* [Task statement] Below are lines of records; copy exactly those from the one containing "Geometric doubleweave coverlet" through the one containing "Um elegante design", leaving the pictures behind.

* [Recorded information]
BEGIN

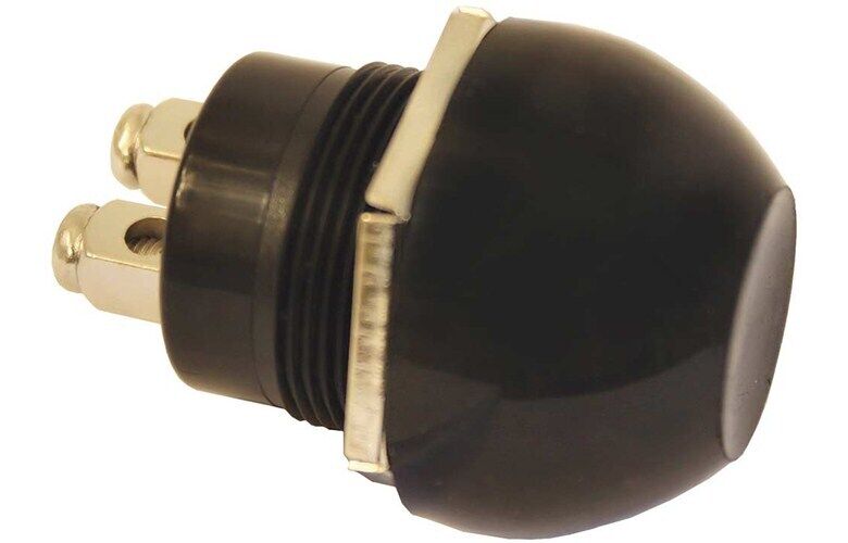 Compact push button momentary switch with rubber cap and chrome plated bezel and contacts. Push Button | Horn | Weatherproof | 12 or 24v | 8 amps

END
BEGIN

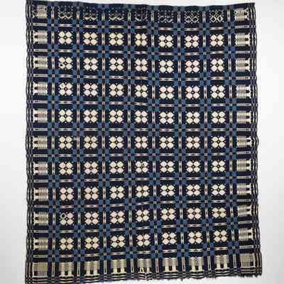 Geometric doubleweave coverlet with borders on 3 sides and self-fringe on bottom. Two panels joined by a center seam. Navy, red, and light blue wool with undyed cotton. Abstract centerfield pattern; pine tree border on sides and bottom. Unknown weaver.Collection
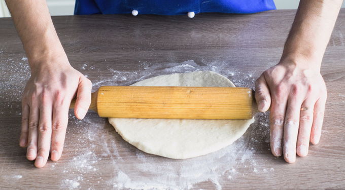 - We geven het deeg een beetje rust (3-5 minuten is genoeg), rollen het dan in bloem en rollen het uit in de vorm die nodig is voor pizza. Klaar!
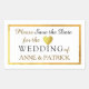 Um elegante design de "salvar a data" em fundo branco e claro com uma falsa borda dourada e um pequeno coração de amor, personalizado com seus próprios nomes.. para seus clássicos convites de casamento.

END

* [Written solution]
 Geometric doubleweave coverlet with borders on 3 sides and self-fringe on bottom. Two panels joined by a center seam. Navy, red, and light blue wool with undyed cotton. Abstract centerfield pattern; pine tree border on sides and bottom. Unknown weaver.Collection
 - We geven het deeg een beetje rust (3-5 minuten is genoeg), rollen het dan in bloem en rollen het uit in de vorm die nodig is voor pizza. Klaar!
 Um elegante design de "salvar a data" em fundo branco e claro com uma falsa borda dourada e um pequeno coração de amor, personalizado com seus próprios nomes.. para seus clássicos convites de casamento.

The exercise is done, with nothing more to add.